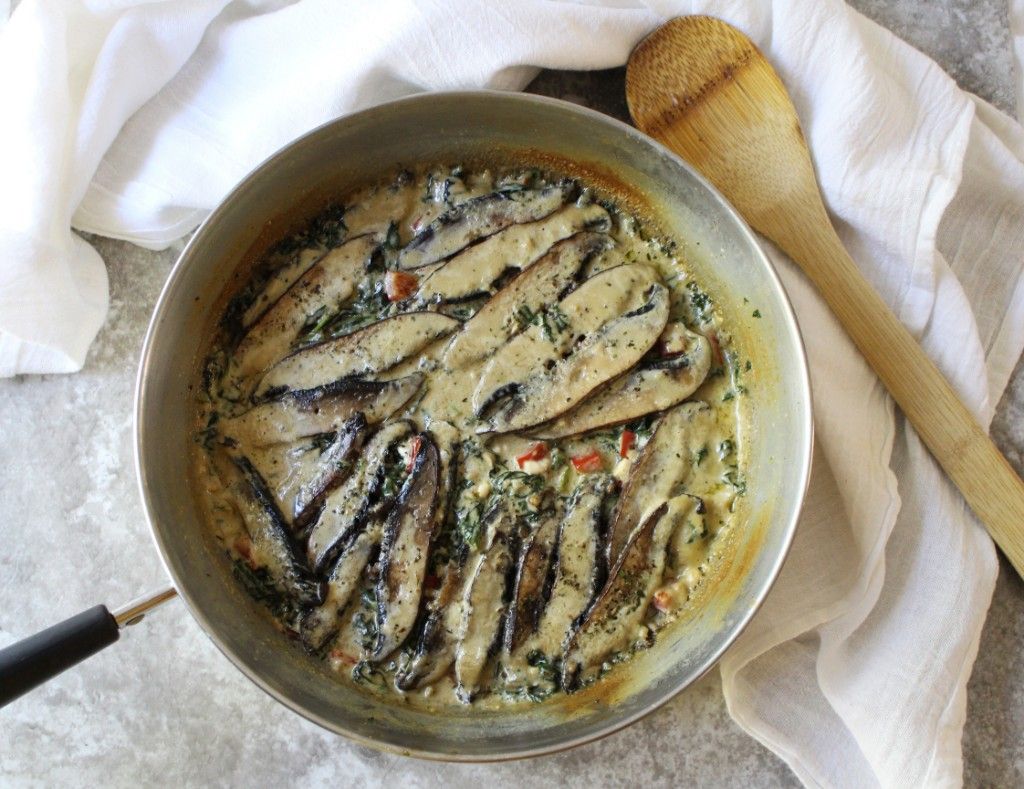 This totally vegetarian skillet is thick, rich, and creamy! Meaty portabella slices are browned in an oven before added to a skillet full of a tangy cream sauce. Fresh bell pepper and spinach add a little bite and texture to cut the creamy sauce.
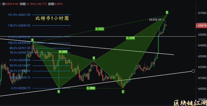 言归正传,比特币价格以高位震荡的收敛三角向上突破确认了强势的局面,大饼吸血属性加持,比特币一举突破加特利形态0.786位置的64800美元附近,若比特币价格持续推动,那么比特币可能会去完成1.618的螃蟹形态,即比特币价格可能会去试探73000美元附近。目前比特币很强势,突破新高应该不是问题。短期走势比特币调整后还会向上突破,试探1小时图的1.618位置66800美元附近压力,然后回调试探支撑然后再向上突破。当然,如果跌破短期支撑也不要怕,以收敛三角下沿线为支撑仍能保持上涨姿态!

...

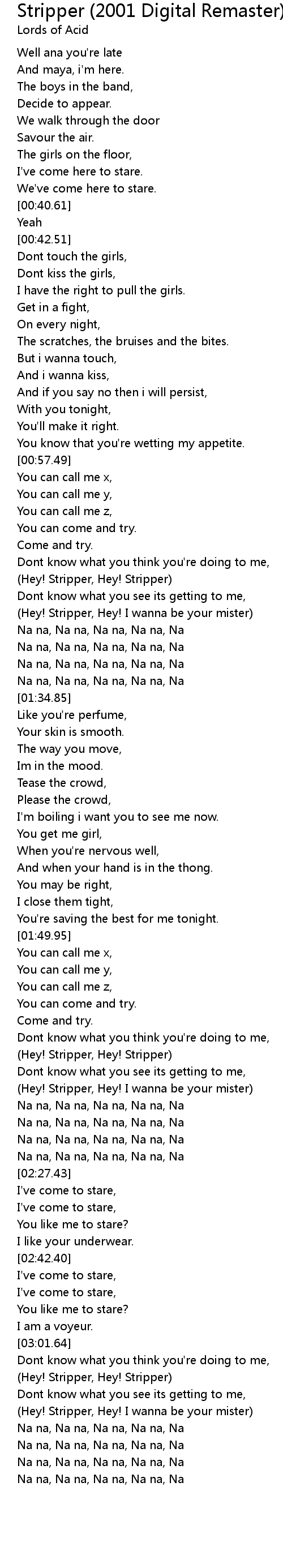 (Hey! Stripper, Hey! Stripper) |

* _WHAT YOU WILL DO_
Up in the listing, locate the line with "This totally vegetarian"; print it and every line after it down to the line with "言归正传,比特币价格以高位震", which is included too. Skip the pictures.

* _ANSWER SECTION_
 This totally vegetarian skillet is thick, rich, and creamy! Meaty portabella slices are browned in an oven before added to a skillet full of a tangy cream sauce. Fresh bell pepper and spinach add a little bite and texture to cut the creamy sauce.
 言归正传,比特币价格以高位震荡的收敛三角向上突破确认了强势的局面,大饼吸血属性加持,比特币一举突破加特利形态0.786位置的64800美元附近,若比特币价格持续推动,那么比特币可能会去完成1.618的螃蟹形态,即比特币价格可能会去试探73000美元附近。目前比特币很强势,突破新高应该不是问题。短期走势比特币调整后还会向上突破,试探1小时图的1.618位置66800美元附近压力,然后回调试探支撑然后再向上突破。当然,如果跌破短期支撑也不要怕,以收敛三角下沿线为支撑仍能保持上涨姿态!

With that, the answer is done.